A review by msand3
Roderick Hudson by Henry James

4.0

What begins as the Classic Bromance transforms into a Love Quadrangle, with Roderick being the embodiment of Romanticism that James loves to critique. Although this seems to be another in a long line of James' favorite theme (the innocent/wild/naive American abroad), we have to understand that this was the *first* such example in James' career, and it's heads-and-tails above Watch and Ward, while not quite up to the swirling lyrical quality of his later work. (Even James himself admits this in his preface to the New York Edition.) In that sense, the central theme of the novel (or one of them, at least) mirrors that of James' own struggle at this time: how can the artist transform the limitless possibilities of his vision into a disciplined and structured work that is ultimately a product for consumption by those who lack the artist's genius?
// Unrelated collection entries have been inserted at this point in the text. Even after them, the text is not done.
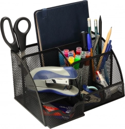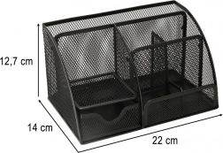 Het duurzame metalen gaas in zwart oogt elegant, biedt direct overzicht over de inhoud en past perfect in kantoor, thuiswerkplek en studentenkamer. De organizer is ook te gebruiken voor cosmetica, make-upkwasten of klein gereedschap.
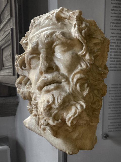 - Kopf eines alten Kentauren mit zurückgebeugtem Kopf. Teil einer Gruppe mit einem jugendlichen heiteren und einem alten leidenden Kentauren, beide von einem Eroten vorwärtsgetrieben.
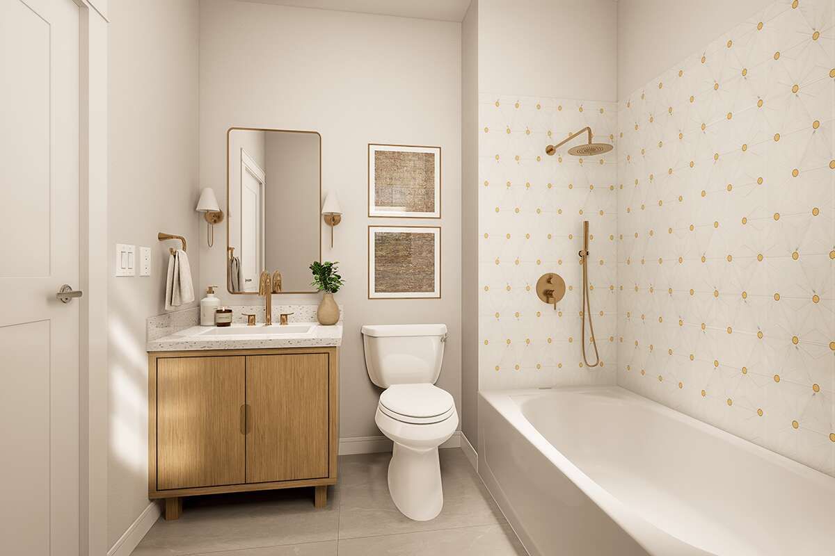 The primary bedroom sits in a private wing, with space for a queen or king bed, a dresser, and nightstands. A large closet supports organized living, while the ensuite bathroom offers a vanity, toilet, and tub/shower combination for complete convenience. This setup provides privacy from the home’s busier spaces while keeping everything accessible.
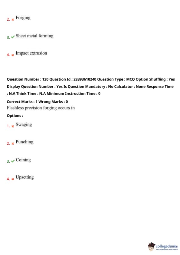 Thus, option (3) is correct. Quick Tip: Coining achieves flashless precision forging.

As with the Ouroboros-styled love quadrangle presented in the novel, there doesn't appear to be a satisfactory answer to this question. Indeed, we have four artists (a different type of quadrangle) whose "types" seem doomed to failure: the Romantic Hudson, cynical Gloriani, the unabashed follower Singleton, and the impotent Rowland (artistically and, perhaps, romantically?). Without giving away too much of the plot, perhaps James *does* suggest an answer in the sense that Gloriani's cynicism ends up being the closest to describing the artist's reality--both in terms of his work and his love life.